= Fall protection =

Controls for workplace fall hazards

A video on the value of fall protection measures

Fall protection refers to the use of controls designed to prevent personnel from falling or, if a fall occurs, to stop it without causing severe injury. Falls are one of the most leading causes for work-related injuries and deaths. While fall protection is typically associated when working at height, it is also relevant when working near edges, such as near a pit or hole, or steep surfaces.

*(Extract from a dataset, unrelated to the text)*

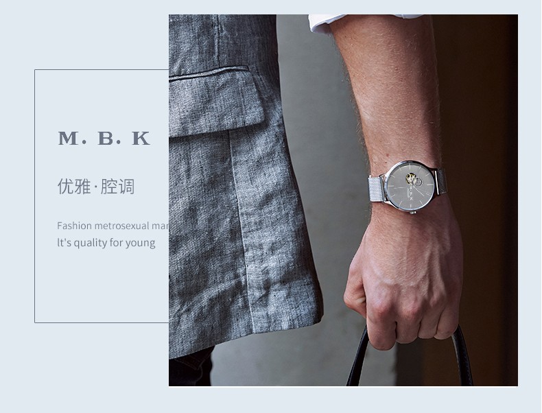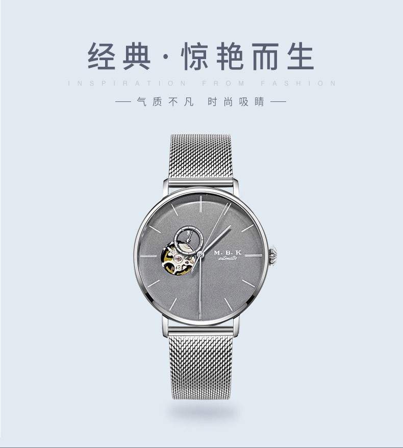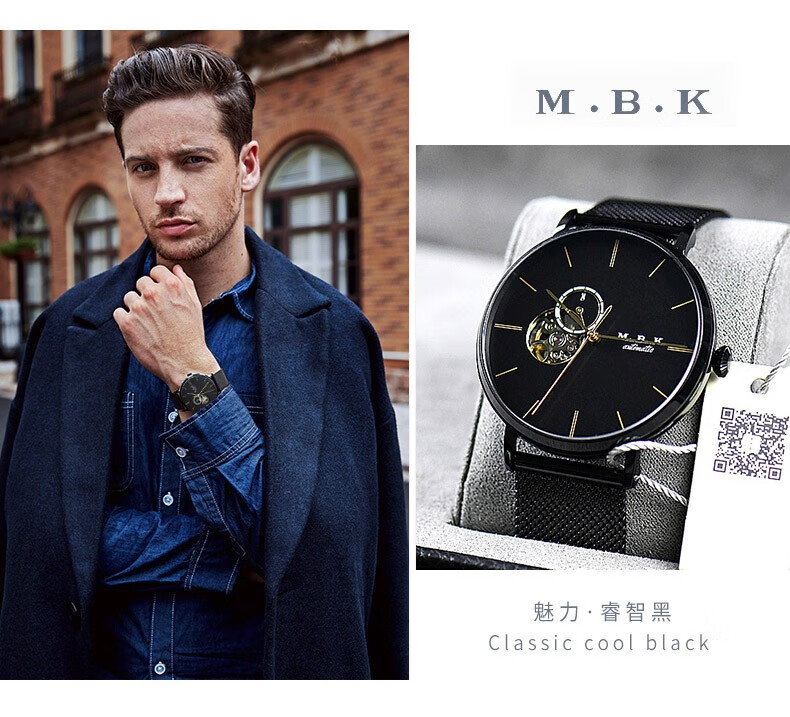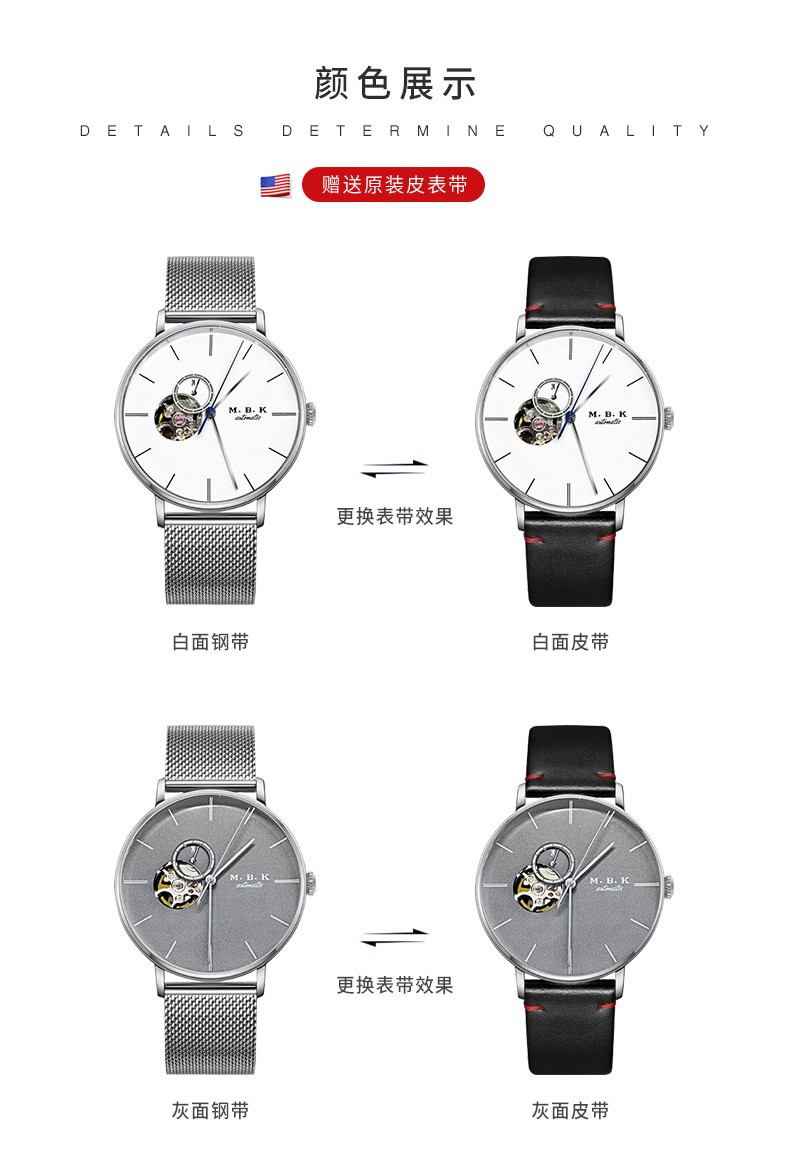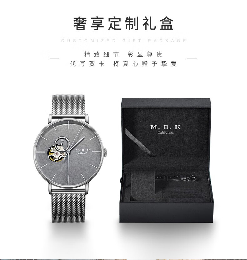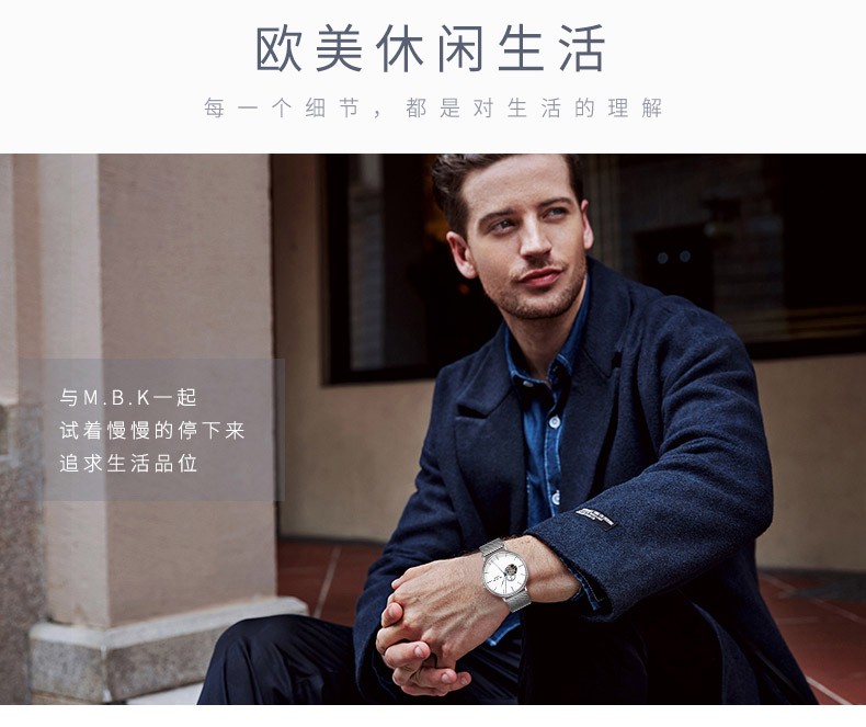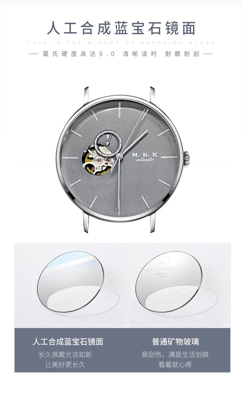 M.B.K美国品牌进口手表男士全自动机械表镂空弧面夜光防水十大男士腕表 M1009G1碧玉绿面皮带进口机芯

Many of these incidents are preventable when proper precautions are taken, making fall protection training not only critical, but also required.

== Falls in the workplace ==
The American Society of Safety Professionals stated that falls account for 80.1% of the slips, trips, and fall category. Globally, the World Health Organization identified falls as the second leading cause of unintentional injury deaths worldwide, with an estimated 684,000 individuals dying annually.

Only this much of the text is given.